Wednesday, December 22, 2010

I think there are a couple of slips here ...

I take the following to be the commitments of those working in the extended mind framework: cognitive processes are causal processes (cognitive processes cause certain effects, presumably cognitive states and behaviour), the extended mind holds that certain kinds of coupled processes (processes that span brain, body and local environment) are cognitive processes. So it is certainly true that coupled processes are taken to be cognitive processes but this is a statement of identity.  (Menary, 2010).
I think there are a couple of slips here.

First, it's not a statement of identity that coupled processes are taken to be cognitive processes.  Coupled are processes are cognitive processes is probably what Menary means.

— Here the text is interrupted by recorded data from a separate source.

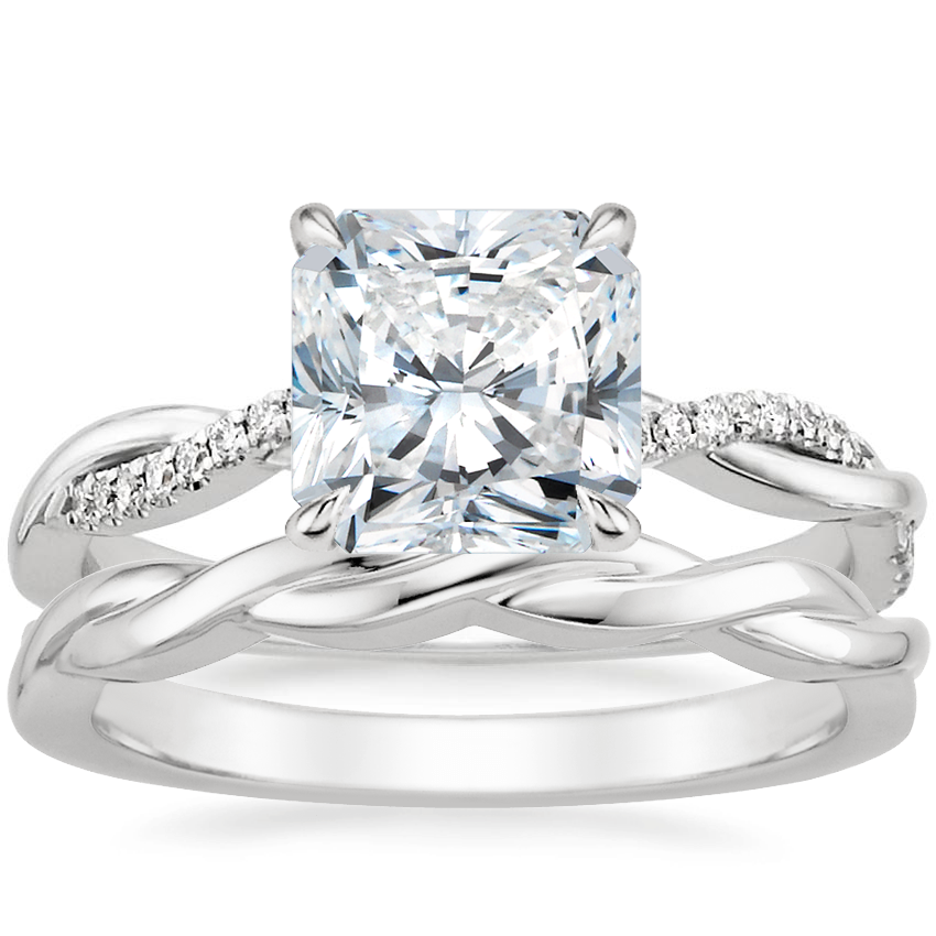 18K White Gold Petite Twisted Vine Diamond Ring (1/8 ct. tw.) with Twisted Vine Ring with 1.01 Carat Radiant Diamond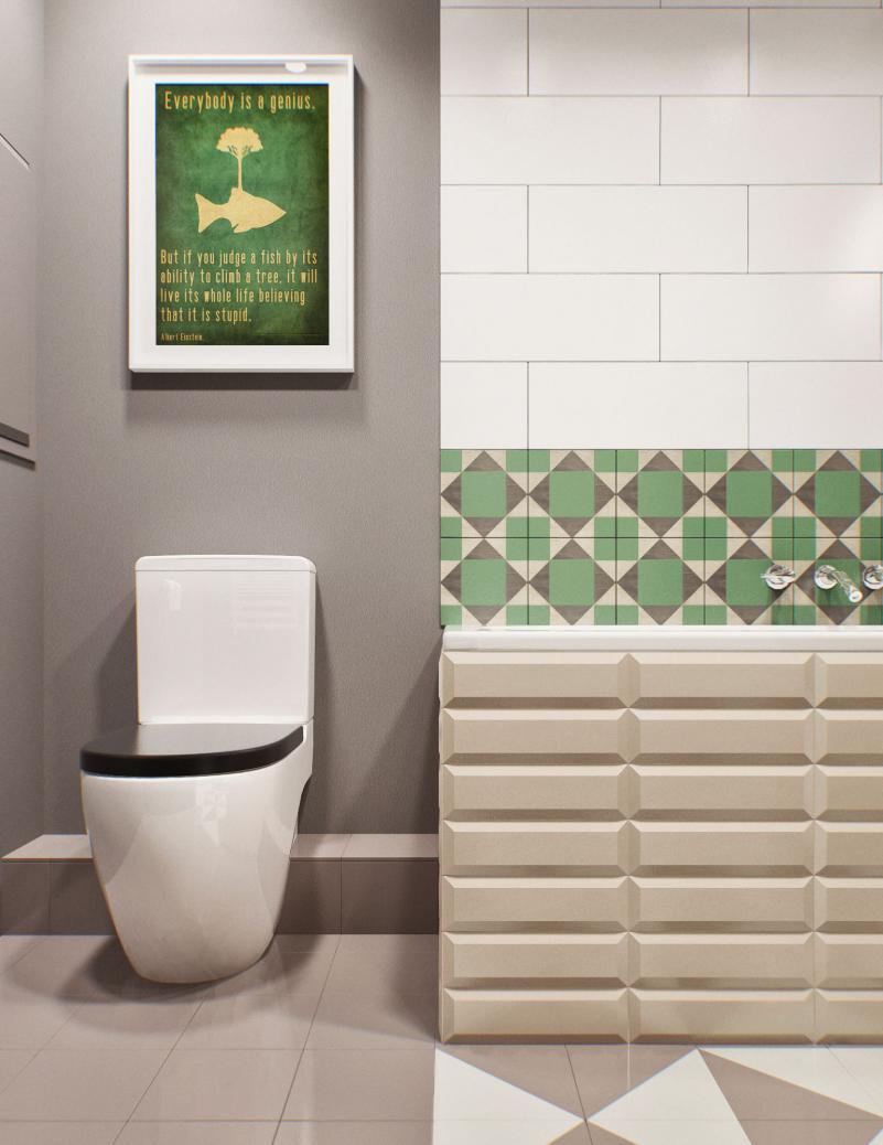 淺色的瓷磚,用綠色做點(diǎn)綴,營造出室內(nèi)空間的豐富感。地面不同的瓷磚鋪貼方式,將功能區(qū)更加清晰的劃分。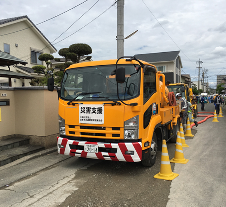 大規模な天災が発生した際は、損傷した下水道施設を迅速に復旧できるよう、支援活動を行っています。
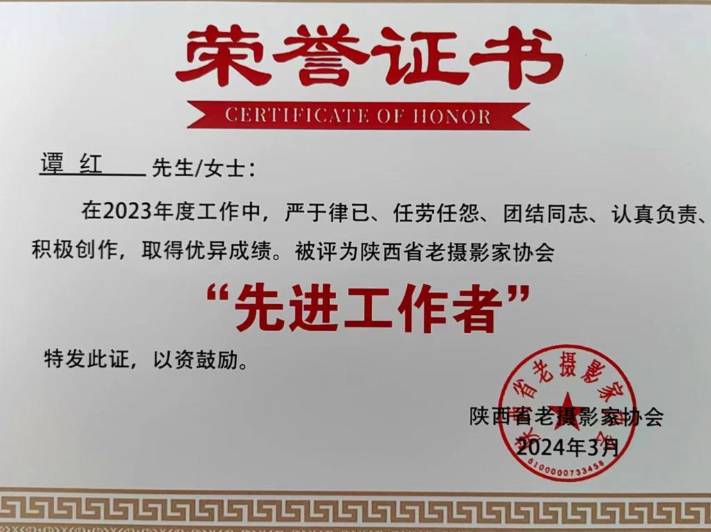 2024年5月18日,陕西省老摄影家协会第六次会员代表大会暨先进表彰大会在西安市莲湖区大唐西市丝路文化中心如期召开,来自全省46名爱好摄影的老人代表参加了此次会议,万象城离退休工作处摄影协会的查晓峰荣获“2023年度优秀会员奖”、谭红荣获“2023年度先进工作者”,共计两项荣誉表彰。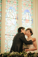手を取り合って、しっとりめのお写真です。光に包まれて撮影できる人気スポットです!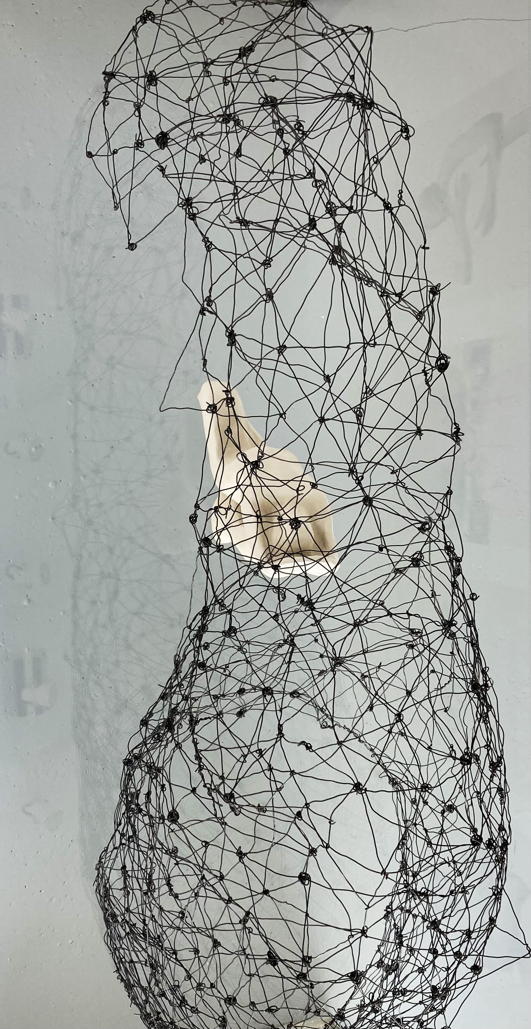 Amikor a félelem, a fájdalom és a kétségbeesés érzését próbáltam megfogalmazni, egy sötét nehéz ködszerű anyag képe formálódott meg bennem. Talán egy nagy, arctalan félelmetes fenevad, ami beborít mindent. A vele való küzdelem egy nekifeszülő emberi alakban testesül meg, ami a fény, a jóság és a bátorság szimbóluma, kifejezi a küzdelmet, a belső erőt és az ellenállást. A sötét, destruktív erő könyörtelenül tör az életre, de a bátorság és az élni akarás ellenállhatatlanul száll szembe vele.”

Second, if that's what he means, then while it is an identity statement, it is not a true identity statement, even according to EC.  Couple two pendula together. The joint swinging isn't a cognitive process.  Couple evaporation and condensation in a distillation apparatus.  The distillation doesn't make for a cognitive process.  So, it's clearly not true that coupled processes are cognitive processes.

This brings us to the claim that coupled processes of a certain kind are cognitive processes. That is, the "certain kinds" qualifier obviously disappeared from the conclusion.  Now we have something that appears to be correct, since that is a view one would have if one thought that the coupled process of the right sort is one in which a system manipulates non-derived representations in specific sorts of ways.  Menary and others see that this weak identity claims helps them, insofar as it enables them to avoid the objections that have been leveled against specific kinds of coupling.  But, it's not much in the way of a theoretical advance; instead it is a mere weakening.

And, of course, there is a lack of consensus on how to cash out the qualifier "of a certain kind".

Ramsey on Ross and Ladyman

Finally, undoubtedly the oddest chapter is this volume is one that inadvertently suggests that the whole topic is deeply ill-conceived. In a somewhat condescending tone, Don Ross and James Ladyman tell us that that the coupling-constitution fallacy is based upon a naive and flawed conception of reality, since, at the level of fundamental physics, conventional notions like causation and constitution have no real application. Curiously, they see this as only a problem for the critics of EMH. Given that EMH itself depends on the idea that certain things are parts of other things (minds), their conclusion should have been that EMH is itself a confused non-issue (presumably, their essay isn't "part of" a volume devoted to such a non-issue). Perhaps the real take-home lesson from this chapter is something most of us already believed; namely, that whatever bizarre things physicists tell us about fundamental particles, their statements should have very little bearing on what we think about middle-sized things like cognitive systems.
I like it.

Tuesday, December 21, 2010

Burge in the NYT

An excellent article.

The only nit I had to pick was that I did not get as much explication as I would have liked regarding representational accuracy.

Menary on Manipulation and Cognitive Processes Extending

It is very clear, to me at least, that the manipulation thesis does not depend upon
any kind of causal coupling (in Adams and Aizawa’s sense) and does not make any claims about cognitive processes extending from brains into bodies and tools.
And, I agree that the manipulation of structures in the environment does not make any claim about cognitive processes extending from brains into bodies and tools.  But, then what is the link between manipulating environmenal structures and extended cognition?  Or, if you don't like the term "extended", what is the link between manipulating structures in the environment and cognitive processes being realized by those manipulation processes?  I've been assuming that observations regarding the manipulation of environmental structures is somehow supposed to bolster the case for EC.  But, that looks to put Menary on the road to committing a version of the C-C fallacy.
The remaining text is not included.